"Frame Toby" is the ninth episode of the fifth season of the television series The Office, and the show's eighty-first episode overall. The episode aired in the United States on November 20, 2008, on NBC.

On November 25, 2008, a producer's cut of "Frame Toby" was posted on NBC.com. This cut ran approximately four minutes longer than the original airing. After nearly a two-year absence, this is the first producer's cut since season three's "The Return".

In this episode, Michael has trouble accepting the fact that his least favorite employee, HR rep Toby, has returned to the office and enlists Dwight's help to frame him for using drugs so he will be fired. Meanwhile, Pam is disgusted over a mess left in the microwave that no one bothers to clean up, and Jim buys his parents' house – without telling Pam.

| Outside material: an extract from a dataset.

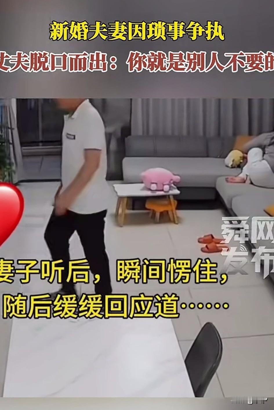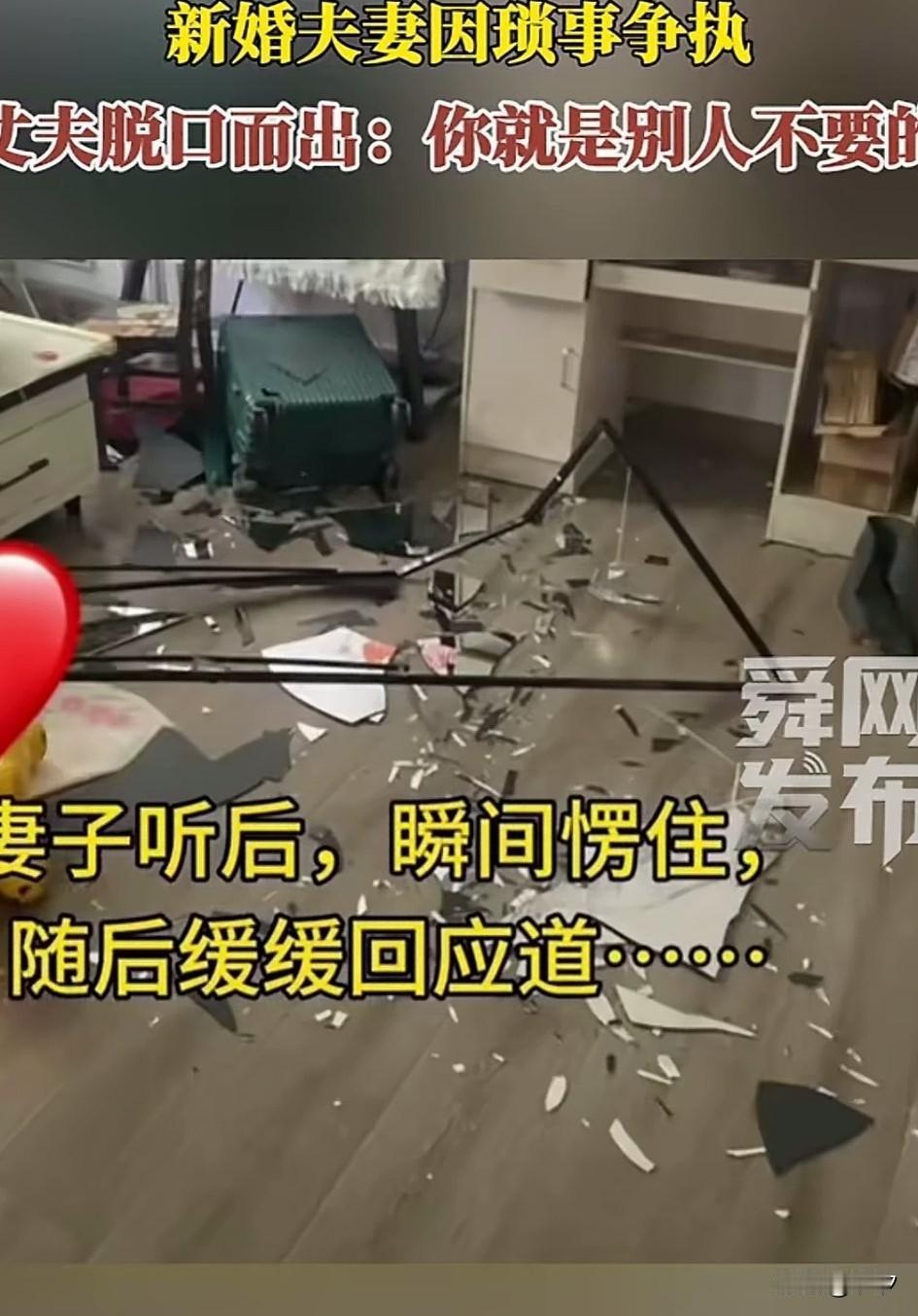 新婚夫妻因为猥琐事儿争吵, 丈夫脱口而出你就是别人不要的, 妻子听到后瞬间愣住, 随后缓缓回应的滚吧! 男子穿上衣服, 直接摔门而去, 只留下了在沙发上哭泣的妻子, 两个人是相亲认识的, 男子由于年龄大了, 一直没有找到合适的, 本来都想孤独一生了, 奈何又被别人说了现在的妻子, 现在的妻子是大龄剩女, 本来眼光非常高, 奈何35岁了也没有找到合适的, 她的家人催着她结婚, 没有办法了她就给了男人机会, 两个人没有任何感情, 只为了完成人生的任务, 于是就在家人的撮合下结了婚, 妻子嫌弃他挣钱少, 还不如她闺蜜的老公, 人家老公一个月2万月薪, 你才挣5000元, 真的是没用, 每天都是抱怨自己的丈夫, 自己在家,家务也不做, 男人下班还要给他做饭, 这天做的饭不合她的胃口, 就被气死一顿数落, 实在气不过的男子就说了这句话, 两人因此大吵了起来, 丈夫走后,妻子把家砸了, 觉得自己嫁给这个老公就是错误, 这个老公根本配不上她, 这就是娶大龄剩女的家庭生活, 看完之后你还敢接盘吗? 婚姻的苦恼分享 夫妻间吵架 情侣夫妻吵架 丈夫怒斥要离婚 夫妻不雅行为 夫妻吵架台词 丈夫大闹

Michael's outburst when he discovers that Toby has returned became an internet meme after the episode aired. Scream 2 was mentioned in the episode, with the character Michael Scott saying how much he loved it and drawing parallels to his life and that of the movie's heroine, Sidney Prescott.

Synopsis
Michael Scott (Steve Carell) learns that Toby Flenderson (Paul Lieberstein) is back as their HR representative and reacts very badly to it. He tries to get CFO David Wallace (Andy Buckley) to get rid of Toby, but David refuses. Michael tries to pretend to be friends with Toby, but finds himself unable to do so. Michael and Dwight Schrute (Rainn Wilson) attempt to set Toby up for sexual harassment by using Pam Beesly (Jenna Fischer) as bait, but Pam defuses the scheme. Michael tries to provoke Toby into punching him, which proves fruitless. Finally, Michael decides to plant drugs in Toby's desk, and purchases what he believes to be marijuana for $500 from two Vance Refrigeration employees. Dwight calls the police, who arrive shortly afterward. Dwight leads the police to Toby's desk, which the police search. Michael, starting to feel guilty, tries to take the blame, but the police discover that the planted "marijuana" is really a bag of Caprese salad. After the police leave, Toby scolds Michael for wasting the cops' time when they could have been catching real criminals. Michael is disgusted that Toby is more worried about the cops' time than about being framed, and hates Toby more than ever.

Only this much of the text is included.